» Material to process
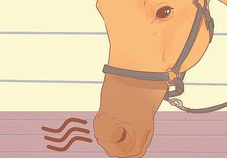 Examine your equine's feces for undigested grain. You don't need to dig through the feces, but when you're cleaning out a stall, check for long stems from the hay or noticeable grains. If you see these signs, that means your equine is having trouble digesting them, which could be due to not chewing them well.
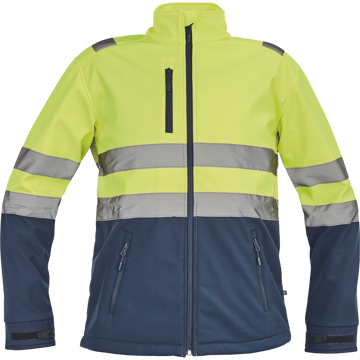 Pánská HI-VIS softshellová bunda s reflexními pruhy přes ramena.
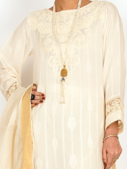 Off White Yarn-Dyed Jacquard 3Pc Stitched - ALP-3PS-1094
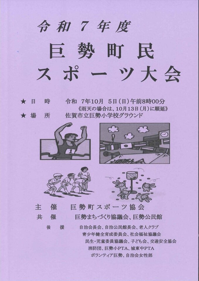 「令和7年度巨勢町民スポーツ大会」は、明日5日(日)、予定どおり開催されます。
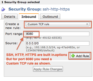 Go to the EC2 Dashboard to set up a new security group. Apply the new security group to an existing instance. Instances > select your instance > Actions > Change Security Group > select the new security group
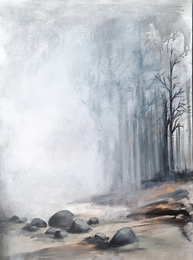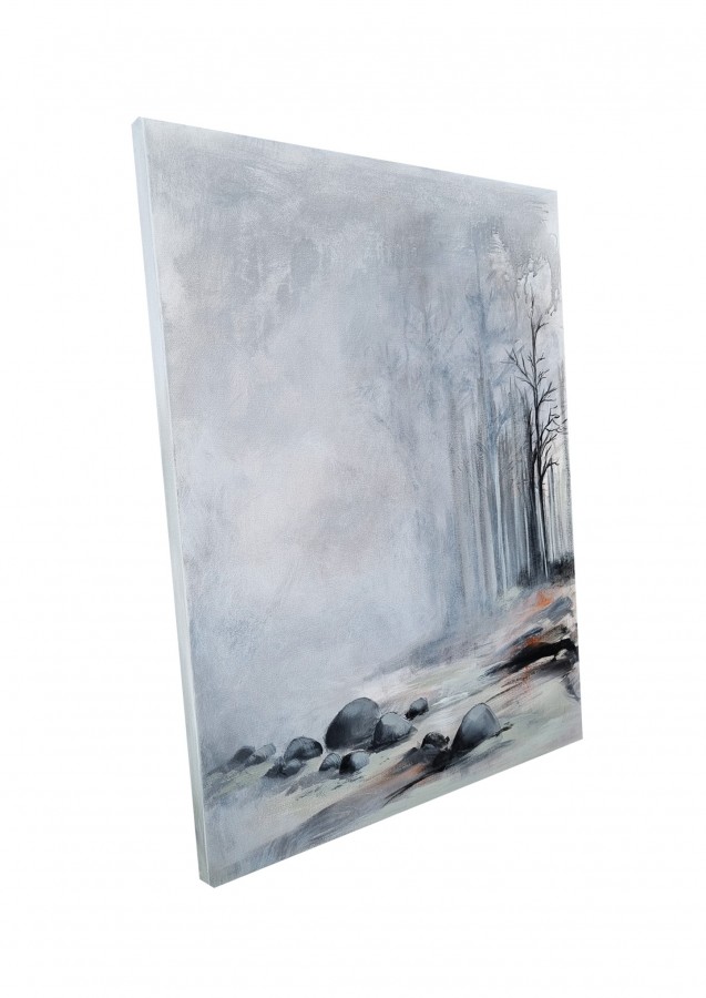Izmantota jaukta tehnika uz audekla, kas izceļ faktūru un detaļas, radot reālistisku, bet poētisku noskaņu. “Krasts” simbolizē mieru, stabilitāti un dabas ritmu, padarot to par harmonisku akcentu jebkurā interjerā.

...

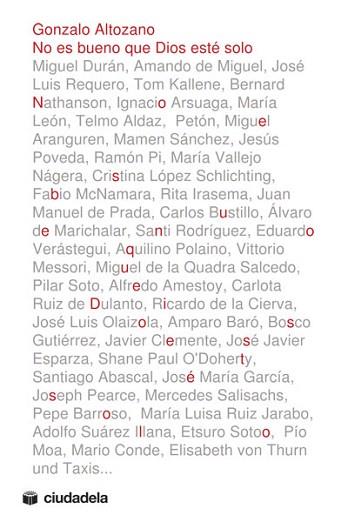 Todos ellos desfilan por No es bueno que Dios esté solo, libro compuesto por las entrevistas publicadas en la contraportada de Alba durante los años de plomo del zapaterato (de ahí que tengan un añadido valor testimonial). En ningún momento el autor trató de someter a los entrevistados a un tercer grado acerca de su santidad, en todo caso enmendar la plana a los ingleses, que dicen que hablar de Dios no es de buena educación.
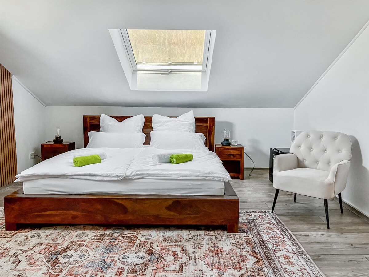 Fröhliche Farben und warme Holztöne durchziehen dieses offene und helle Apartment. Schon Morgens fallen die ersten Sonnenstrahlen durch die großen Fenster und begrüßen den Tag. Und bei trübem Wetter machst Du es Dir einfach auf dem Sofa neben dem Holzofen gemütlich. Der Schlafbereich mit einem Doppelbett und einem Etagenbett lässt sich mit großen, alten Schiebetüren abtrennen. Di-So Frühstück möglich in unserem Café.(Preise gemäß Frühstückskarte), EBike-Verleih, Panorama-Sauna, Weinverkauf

---

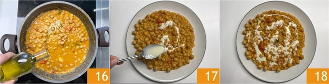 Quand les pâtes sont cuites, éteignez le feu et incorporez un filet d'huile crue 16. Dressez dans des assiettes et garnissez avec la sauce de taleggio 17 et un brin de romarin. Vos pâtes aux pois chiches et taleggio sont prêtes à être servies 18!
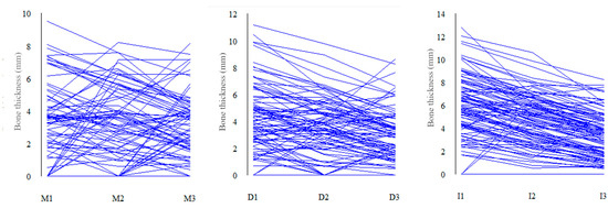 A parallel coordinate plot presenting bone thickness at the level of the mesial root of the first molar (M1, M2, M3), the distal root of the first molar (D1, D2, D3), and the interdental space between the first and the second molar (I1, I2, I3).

» Exercise brief
Find the line with "Examine your equine's" in the entries above. Set down exactly every line from it up to and including the line with "Izmantota jaukta tehnika", images excluded.

» Exercise solution
 Examine your equine's feces for undigested grain. You don't need to dig through the feces, but when you're cleaning out a stall, check for long stems from the hay or noticeable grains. If you see these signs, that means your equine is having trouble digesting them, which could be due to not chewing them well.
 Pánská HI-VIS softshellová bunda s reflexními pruhy přes ramena.
 Off White Yarn-Dyed Jacquard 3Pc Stitched - ALP-3PS-1094
 「令和7年度巨勢町民スポーツ大会」は、明日5日(日)、予定どおり開催されます。
 Go to the EC2 Dashboard to set up a new security group. Apply the new security group to an existing instance. Instances > select your instance > Actions > Change Security Group > select the new security group
Izmantota jaukta tehnika uz audekla, kas izceļ faktūru un detaļas, radot reālistisku, bet poētisku noskaņu. “Krasts” simbolizē mieru, stabilitāti un dabas ritmu, padarot to par harmonisku akcentu jebkurā interjerā.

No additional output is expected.